Dear Creationist Science Association For Mid-America,
I'm intrigued by your assertion
here that dinosaurs simply must have coexisted with people because people created images of them in their art. As I've been learning as an art history major, all art throughout history has been purely representational. Although you probably don't believe that the earth existed in the years 30,000-25,000 BC, there is nevertheless an image of a human that exists from that time. I'm sure you can see that
the Venus of Willendorf is an exact rendering of what the subject of this sculpture must have looked like because, of course, all artists are known for their infallibility and inability to deviate from what they see right in from of them.

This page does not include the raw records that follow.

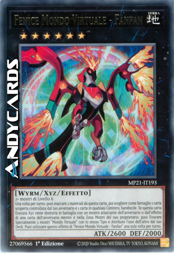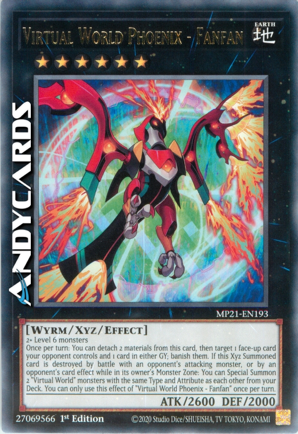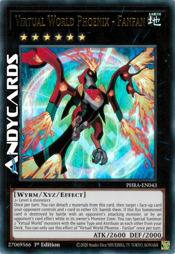 Una volta per turno: puoi staccare 2 materiali da questa carta, poi scegliere come bersaglio 1 carta scoperta controllata dal tuo avversario e 1 carta in qualsiasi Cimitero; bandiscile. Se questa carta Evocata Xyz viene distrutta in battaglia con un mostro attaccante dell'avversario o dall'effetto di una carta dell'avversario mentre è nella Zona Mostri del suo proprietario: puoi Evocare Specialmente 2 mostri "Mondo Virtuale" con lo stesso Tipo e Attributo l'uno dell'altro dal tuo Deck. Puoi utilizzare questo effetto di "Fenice Mondo Virtuale - Fanfan" una sola volta per turno.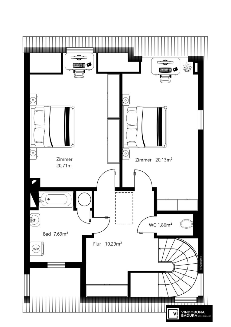 1. Obergeschoss: Zwei Schlafzimmer, großes Badezimmer mit Wanne, Abstellraum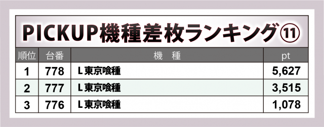『L 東京喰種』5台では3台が4桁プラスを成し遂げ、+5千6百超・+3千5百超・+1千1百弱と、プレイヤーも納得の出来となった。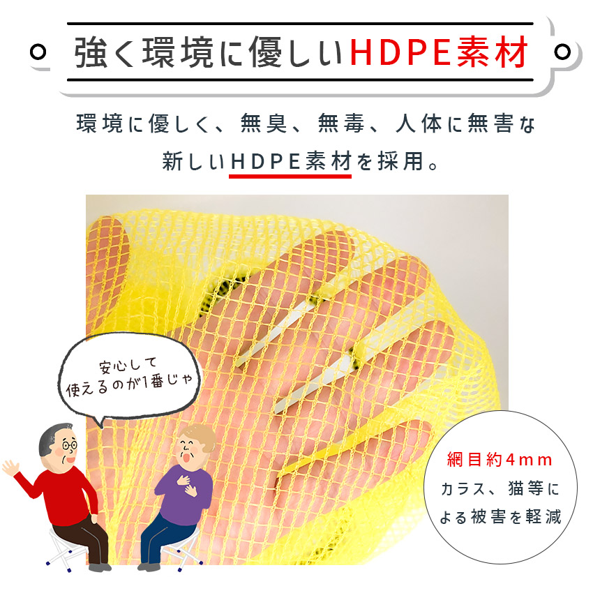 環境に優しく、無臭、無毒、人体に無害な新しいHDPE素材を採用。引っ張り強度にも優れています。網目は4mmと細かく、くちばしからも守ります。
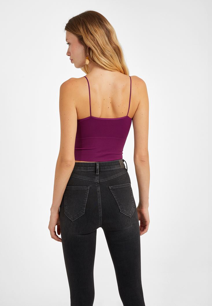 • Bayan Mor Dikişsiz İnce Askılı Crop Top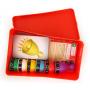 Spelet ligger i en praktisk resebox som inte tar stor plats i väskan eller på spelhyllan. Boxen mäter 16 x 9 x 6 cm.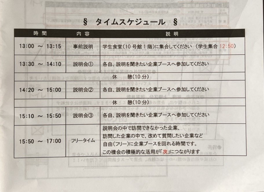 OB・OG(大正の卒業生)がいない企業も来ますし、官公庁(市役所や国の機関のこと)も来ていました。民間企業以外の就職を考えている学生も必見です。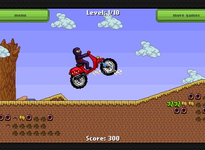 《忍者赛车NinjaRace-Motorcrossgame》是一款赛车类型的体育游戏。作为身怀绝技的忍者,你要有细致的判断和冷静的思考。游戏中需要你进行跳跃,翻转等特殊动作,你必须要把握好动作的时机。游戏拥有11关,当你到达后半段关卡时候,游戏会变得更为艰难。
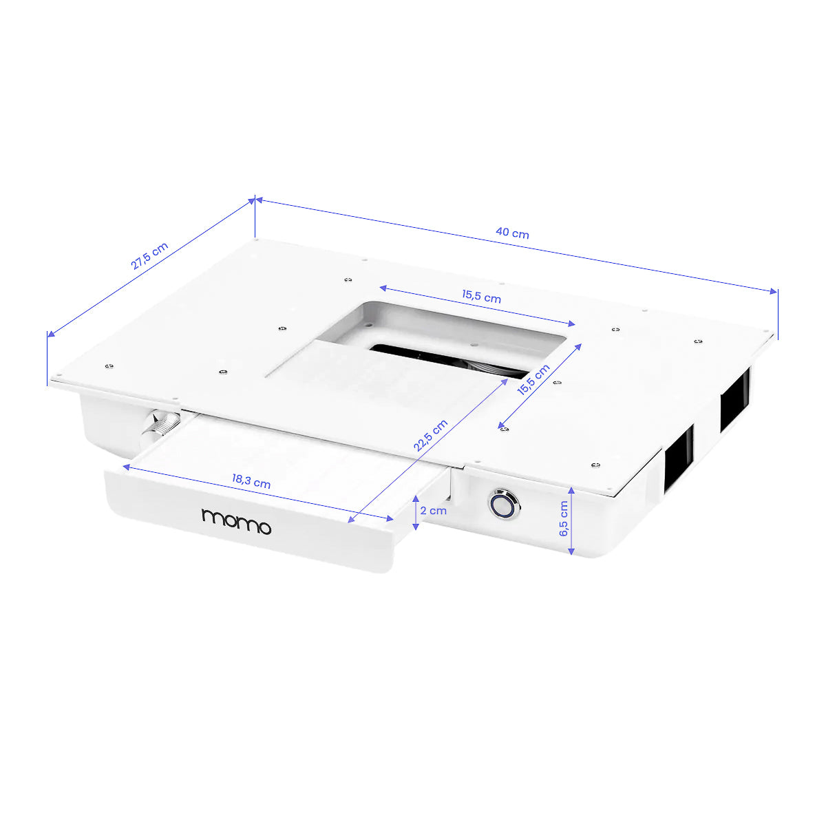 Momo J-02 kassett-tolmuimeja, mis on integreeritud tööpinna sisse, parandab oluliselt töö mugavust ja hügieeni, eemaldades tõhusalt tolmu, mis tekib iluprotseduuride, näiteks maniküüri ajal. Tänu sellele seadmele jääb salongi õhk puhtaks ja töökeskkond saastest vaba, mis suurendab nii iluteenindaja kui ka klientide ohutust. Tolmuimeja on lihtne kasutada ja hooldada, mis lisaks parandab selle funktsionaalsust. Regulaarne puhastamine ja filtrite vahetamine tagavad pidevalt kõrge imemisvõime. On võimalik osta lisafiltreid (SKU 123581).

The ancient Egyptians must have had quite the society of wonders from the things they've shown in their art. Although I'm sure you don't recognize their deities as gods,
there had to have been at least one man with the head of a jackal and
some guy with the head of an ibis running around. And can you picture a sphinx walking through the marketplace, just ever so nonchalantly, on his lion legs and scanning the merchandise with his human head? I'm sure all the artists were clamoring to paint and sculpt them to record them for all of us to see today. Even though the Egyptians undoubtedly had a different word for "sphinx," I'm very glad they preserved that image so I can picture their society more accurately.
Of course this brilliant exact depiction of things continued. It's shown very well in the High Renaissance. Take Michaelangelo's
Creation of Adam on the Sistine Chapel in the early 16th century. Obviously God himself must have replayed this scene just for Michaelangelo for him to have painted it from sight. Otherwise, how would he have known God has such a long beard and Adam had such a small penis?
We can infer lots of other historical facts things from art as well. Van Gogh often frequented placed with
bright colors, thick lines, and blotchy stars. Monet knew
girls who had very few facial features and very few fingers. Gauguin brought back the knowledge that Tahiti
is a pretty trippy place with multicolored water. Picasso, who could paint realistic and well-rendered figures, also knew some people with
bodies made solely of shapes.
Obviously dinosaurs in art fit right in with every other piece of art ever made. I'll tell the next paleontologist I meet that obviously my studies are far more relevant to prehistoric creatures than his and I'll save us both the quest for more knowledge. And I'll never have to analyze another piece of art again!